До и после суда над Гарольдом Винсоном, где я выступал в качестве свидетеля обвинения, как обычно, было много безосновательных, бессмысленных и повторяющихся спекуляций на тему: могло ли кому-то, кто его знал, прийти в голову, что он способен замыслить убийство собственной жены? Считалось, что я знал его лучше других преподавателей, и коллег раздражало мое якобы фарисейство, поскольку я всячески противился участию в общих сплетнях о том, что в конце концов стало самым громким школьным скандалом за последние двадцать лет.
– Вы знали обоих, бывали у них дома, видели их вместе. Неужели ни о чем не догадывались? – донимали они меня расспросами, полагая, что я проявил прискорбную беспечность. – Мол, должен был заметить, что происходит, и предотвратить последствия.
Нет, я ни о чем не догадывался, вернее, если у меня и возникали какие-то подозрения, то они оказались неверны. Но в одном коллеги были правы: я мог предотвратить последствия.

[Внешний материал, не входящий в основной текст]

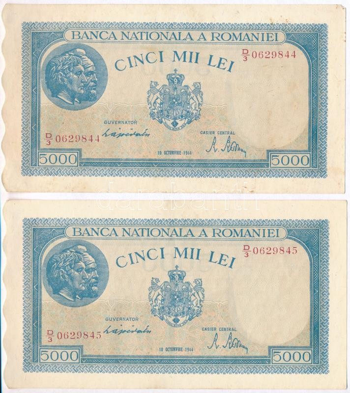 Románia 1944. 5000L (4x) 2+2 sorszámkövetők, "V/3 0829758 - V/3 0... https://www.darabanth.com/de/337-Fernauktion/337.0/Numismatik/Weltweit-Banknoten~1500013/Romania-1944-5000L-4x-2plus2-sorszamkovetok-V3-0829758-V3-0829759-es-D3-06296844-D3~II1895381
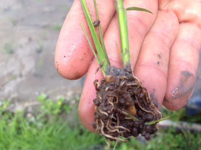 ジャンボタニシは柔らかい草を好んで食 べます。その生態を利用して、苗は大きめの5.5葉までポットで生育してから植え るなどの工夫がされています。

С Гарольдом Винсоном я познакомился, когда меня приняли на должность учителя рисования младших классов в общеобразовательную школу, где он преподавал математику старшим. Это место не навевало тоску, как современные «фабрики обучения». Заведение располагалось в помещении бывшей классической средней школы XVIII века, не слишком изуродованном небольшой перестройкой, в довольно милом спальном городке на берегу реки милях в двадцати к юго-востоку от Лондона. Его население составляли в основном представители среднего класса, немного чопорные и консервативные в культурном плане, но едва ли блещущие интеллектом. Тем не менее, он вполне подходил мне в качестве первого места службы. Я ничего не имею против среднего класса и его привычек – сам принадлежу к среднему классу. И я понимал, как мне повезло, что получил эту работу. Моя история характерна для художника, обладающего определенными способностями, но не испытывающего достаточного уважения к модным веяниям современной элиты, чтобы прилично зарабатывать на жизнь рисованием. Более преданные своему ремеслу мужчины предпочитали жить в дешевых студиях. Я же озабочен тем, где и как жить, поэтому для меня был важен диплом преподавателя и место в общеобразовательной школе Уэст-Фэринга.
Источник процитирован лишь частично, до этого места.